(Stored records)
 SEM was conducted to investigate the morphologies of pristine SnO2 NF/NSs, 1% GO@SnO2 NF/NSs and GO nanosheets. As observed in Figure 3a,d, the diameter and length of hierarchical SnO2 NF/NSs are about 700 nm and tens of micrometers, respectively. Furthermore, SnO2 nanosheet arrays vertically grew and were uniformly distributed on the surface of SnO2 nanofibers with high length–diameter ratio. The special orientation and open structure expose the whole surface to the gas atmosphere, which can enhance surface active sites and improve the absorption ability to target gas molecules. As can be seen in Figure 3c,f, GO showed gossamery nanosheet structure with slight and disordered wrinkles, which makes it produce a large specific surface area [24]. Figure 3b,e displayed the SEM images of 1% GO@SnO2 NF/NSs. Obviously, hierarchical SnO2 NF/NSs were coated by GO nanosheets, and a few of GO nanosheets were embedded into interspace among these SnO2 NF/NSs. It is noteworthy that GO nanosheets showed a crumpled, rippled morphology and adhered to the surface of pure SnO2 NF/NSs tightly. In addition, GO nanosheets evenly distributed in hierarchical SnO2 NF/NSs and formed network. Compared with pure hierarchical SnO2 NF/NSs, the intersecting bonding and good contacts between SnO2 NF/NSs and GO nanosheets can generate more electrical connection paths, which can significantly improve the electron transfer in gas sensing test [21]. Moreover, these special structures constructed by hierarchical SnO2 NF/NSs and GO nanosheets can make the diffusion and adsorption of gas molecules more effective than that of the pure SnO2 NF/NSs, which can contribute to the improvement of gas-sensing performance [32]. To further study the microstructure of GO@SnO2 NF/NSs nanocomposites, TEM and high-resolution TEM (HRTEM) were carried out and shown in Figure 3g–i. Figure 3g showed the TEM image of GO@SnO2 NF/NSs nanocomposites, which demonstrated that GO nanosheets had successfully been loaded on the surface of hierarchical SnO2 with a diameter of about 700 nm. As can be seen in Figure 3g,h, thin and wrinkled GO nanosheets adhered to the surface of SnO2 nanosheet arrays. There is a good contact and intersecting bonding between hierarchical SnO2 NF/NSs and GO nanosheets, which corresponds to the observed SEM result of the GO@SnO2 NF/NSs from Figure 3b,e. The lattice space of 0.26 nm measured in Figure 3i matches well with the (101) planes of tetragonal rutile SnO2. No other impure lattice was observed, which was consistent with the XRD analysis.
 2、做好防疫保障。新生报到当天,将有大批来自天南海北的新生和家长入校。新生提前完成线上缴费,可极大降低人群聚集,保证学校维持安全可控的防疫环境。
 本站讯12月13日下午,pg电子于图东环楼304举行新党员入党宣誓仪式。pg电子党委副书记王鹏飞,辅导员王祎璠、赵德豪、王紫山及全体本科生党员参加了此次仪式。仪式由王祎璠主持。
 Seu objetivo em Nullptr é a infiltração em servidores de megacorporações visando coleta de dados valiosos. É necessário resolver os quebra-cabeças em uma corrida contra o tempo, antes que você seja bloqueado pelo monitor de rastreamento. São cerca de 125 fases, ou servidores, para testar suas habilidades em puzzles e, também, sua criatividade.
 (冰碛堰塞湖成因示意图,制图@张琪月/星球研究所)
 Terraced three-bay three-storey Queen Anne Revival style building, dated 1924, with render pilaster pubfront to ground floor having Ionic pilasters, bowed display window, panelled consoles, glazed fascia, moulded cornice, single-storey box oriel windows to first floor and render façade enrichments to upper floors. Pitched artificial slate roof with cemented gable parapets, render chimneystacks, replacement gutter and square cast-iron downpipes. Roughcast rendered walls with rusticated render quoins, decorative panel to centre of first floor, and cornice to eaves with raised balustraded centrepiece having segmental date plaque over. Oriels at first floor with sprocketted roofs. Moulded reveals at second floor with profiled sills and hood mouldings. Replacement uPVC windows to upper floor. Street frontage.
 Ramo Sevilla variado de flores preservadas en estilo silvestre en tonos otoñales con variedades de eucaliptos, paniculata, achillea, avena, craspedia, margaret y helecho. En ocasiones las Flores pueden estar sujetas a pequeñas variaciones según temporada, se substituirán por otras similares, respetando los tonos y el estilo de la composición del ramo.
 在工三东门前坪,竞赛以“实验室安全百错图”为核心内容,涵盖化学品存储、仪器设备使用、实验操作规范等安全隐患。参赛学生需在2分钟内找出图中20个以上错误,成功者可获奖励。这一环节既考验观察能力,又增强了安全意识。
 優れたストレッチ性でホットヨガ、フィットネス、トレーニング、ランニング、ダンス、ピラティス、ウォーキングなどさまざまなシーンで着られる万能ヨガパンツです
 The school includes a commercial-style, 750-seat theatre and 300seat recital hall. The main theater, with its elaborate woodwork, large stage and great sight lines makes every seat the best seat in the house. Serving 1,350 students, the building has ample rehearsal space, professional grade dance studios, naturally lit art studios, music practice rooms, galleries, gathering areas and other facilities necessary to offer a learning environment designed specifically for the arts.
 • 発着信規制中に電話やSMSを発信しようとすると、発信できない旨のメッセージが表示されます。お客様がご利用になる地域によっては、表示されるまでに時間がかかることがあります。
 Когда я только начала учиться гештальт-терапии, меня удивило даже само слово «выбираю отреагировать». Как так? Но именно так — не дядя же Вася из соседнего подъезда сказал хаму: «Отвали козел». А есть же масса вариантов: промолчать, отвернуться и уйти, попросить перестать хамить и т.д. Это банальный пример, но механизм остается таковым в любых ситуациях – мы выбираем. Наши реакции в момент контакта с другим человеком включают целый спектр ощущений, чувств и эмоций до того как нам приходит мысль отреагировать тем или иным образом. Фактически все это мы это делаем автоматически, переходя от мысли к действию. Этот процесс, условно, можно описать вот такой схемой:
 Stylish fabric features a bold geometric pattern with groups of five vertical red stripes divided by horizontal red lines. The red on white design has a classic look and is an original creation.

Work task: The data above should be copied out with complete accuracy.

Answer for this exercise:
 SEM was conducted to investigate the morphologies of pristine SnO2 NF/NSs, 1% GO@SnO2 NF/NSs and GO nanosheets. As observed in Figure 3a,d, the diameter and length of hierarchical SnO2 NF/NSs are about 700 nm and tens of micrometers, respectively. Furthermore, SnO2 nanosheet arrays vertically grew and were uniformly distributed on the surface of SnO2 nanofibers with high length–diameter ratio. The special orientation and open structure expose the whole surface to the gas atmosphere, which can enhance surface active sites and improve the absorption ability to target gas molecules. As can be seen in Figure 3c,f, GO showed gossamery nanosheet structure with slight and disordered wrinkles, which makes it produce a large specific surface area [24]. Figure 3b,e displayed the SEM images of 1% GO@SnO2 NF/NSs. Obviously, hierarchical SnO2 NF/NSs were coated by GO nanosheets, and a few of GO nanosheets were embedded into interspace among these SnO2 NF/NSs. It is noteworthy that GO nanosheets showed a crumpled, rippled morphology and adhered to the surface of pure SnO2 NF/NSs tightly. In addition, GO nanosheets evenly distributed in hierarchical SnO2 NF/NSs and formed network. Compared with pure hierarchical SnO2 NF/NSs, the intersecting bonding and good contacts between SnO2 NF/NSs and GO nanosheets can generate more electrical connection paths, which can significantly improve the electron transfer in gas sensing test [21]. Moreover, these special structures constructed by hierarchical SnO2 NF/NSs and GO nanosheets can make the diffusion and adsorption of gas molecules more effective than that of the pure SnO2 NF/NSs, which can contribute to the improvement of gas-sensing performance [32]. To further study the microstructure of GO@SnO2 NF/NSs nanocomposites, TEM and high-resolution TEM (HRTEM) were carried out and shown in Figure 3g–i. Figure 3g showed the TEM image of GO@SnO2 NF/NSs nanocomposites, which demonstrated that GO nanosheets had successfully been loaded on the surface of hierarchical SnO2 with a diameter of about 700 nm. As can be seen in Figure 3g,h, thin and wrinkled GO nanosheets adhered to the surface of SnO2 nanosheet arrays. There is a good contact and intersecting bonding between hierarchical SnO2 NF/NSs and GO nanosheets, which corresponds to the observed SEM result of the GO@SnO2 NF/NSs from Figure 3b,e. The lattice space of 0.26 nm measured in Figure 3i matches well with the (101) planes of tetragonal rutile SnO2. No other impure lattice was observed, which was consistent with the XRD analysis.
 2、做好防疫保障。新生报到当天,将有大批来自天南海北的新生和家长入校。新生提前完成线上缴费,可极大降低人群聚集,保证学校维持安全可控的防疫环境。
 本站讯12月13日下午,pg电子于图东环楼304举行新党员入党宣誓仪式。pg电子党委副书记王鹏飞,辅导员王祎璠、赵德豪、王紫山及全体本科生党员参加了此次仪式。仪式由王祎璠主持。
 Seu objetivo em Nullptr é a infiltração em servidores de megacorporações visando coleta de dados valiosos. É necessário resolver os quebra-cabeças em uma corrida contra o tempo, antes que você seja bloqueado pelo monitor de rastreamento. São cerca de 125 fases, ou servidores, para testar suas habilidades em puzzles e, também, sua criatividade.
 (冰碛堰塞湖成因示意图,制图@张琪月/星球研究所)
 Terraced three-bay three-storey Queen Anne Revival style building, dated 1924, with render pilaster pubfront to ground floor having Ionic pilasters, bowed display window, panelled consoles, glazed fascia, moulded cornice, single-storey box oriel windows to first floor and render façade enrichments to upper floors. Pitched artificial slate roof with cemented gable parapets, render chimneystacks, replacement gutter and square cast-iron downpipes. Roughcast rendered walls with rusticated render quoins, decorative panel to centre of first floor, and cornice to eaves with raised balustraded centrepiece having segmental date plaque over. Oriels at first floor with sprocketted roofs. Moulded reveals at second floor with profiled sills and hood mouldings. Replacement uPVC windows to upper floor. Street frontage.
 Ramo Sevilla variado de flores preservadas en estilo silvestre en tonos otoñales con variedades de eucaliptos, paniculata, achillea, avena, craspedia, margaret y helecho. En ocasiones las Flores pueden estar sujetas a pequeñas variaciones según temporada, se substituirán por otras similares, respetando los tonos y el estilo de la composición del ramo.
 在工三东门前坪,竞赛以“实验室安全百错图”为核心内容,涵盖化学品存储、仪器设备使用、实验操作规范等安全隐患。参赛学生需在2分钟内找出图中20个以上错误,成功者可获奖励。这一环节既考验观察能力,又增强了安全意识。
 優れたストレッチ性でホットヨガ、フィットネス、トレーニング、ランニング、ダンス、ピラティス、ウォーキングなどさまざまなシーンで着られる万能ヨガパンツです
 The school includes a commercial-style, 750-seat theatre and 300seat recital hall. The main theater, with its elaborate woodwork, large stage and great sight lines makes every seat the best seat in the house. Serving 1,350 students, the building has ample rehearsal space, professional grade dance studios, naturally lit art studios, music practice rooms, galleries, gathering areas and other facilities necessary to offer a learning environment designed specifically for the arts.
 • 発着信規制中に電話やSMSを発信しようとすると、発信できない旨のメッセージが表示されます。お客様がご利用になる地域によっては、表示されるまでに時間がかかることがあります。
 Когда я только начала учиться гештальт-терапии, меня удивило даже само слово «выбираю отреагировать». Как так? Но именно так — не дядя же Вася из соседнего подъезда сказал хаму: «Отвали козел». А есть же масса вариантов: промолчать, отвернуться и уйти, попросить перестать хамить и т.д. Это банальный пример, но механизм остается таковым в любых ситуациях – мы выбираем. Наши реакции в момент контакта с другим человеком включают целый спектр ощущений, чувств и эмоций до того как нам приходит мысль отреагировать тем или иным образом. Фактически все это мы это делаем автоматически, переходя от мысли к действию. Этот процесс, условно, можно описать вот такой схемой:
 Stylish fabric features a bold geometric pattern with groups of five vertical red stripes divided by horizontal red lines. The red on white design has a classic look and is an original creation.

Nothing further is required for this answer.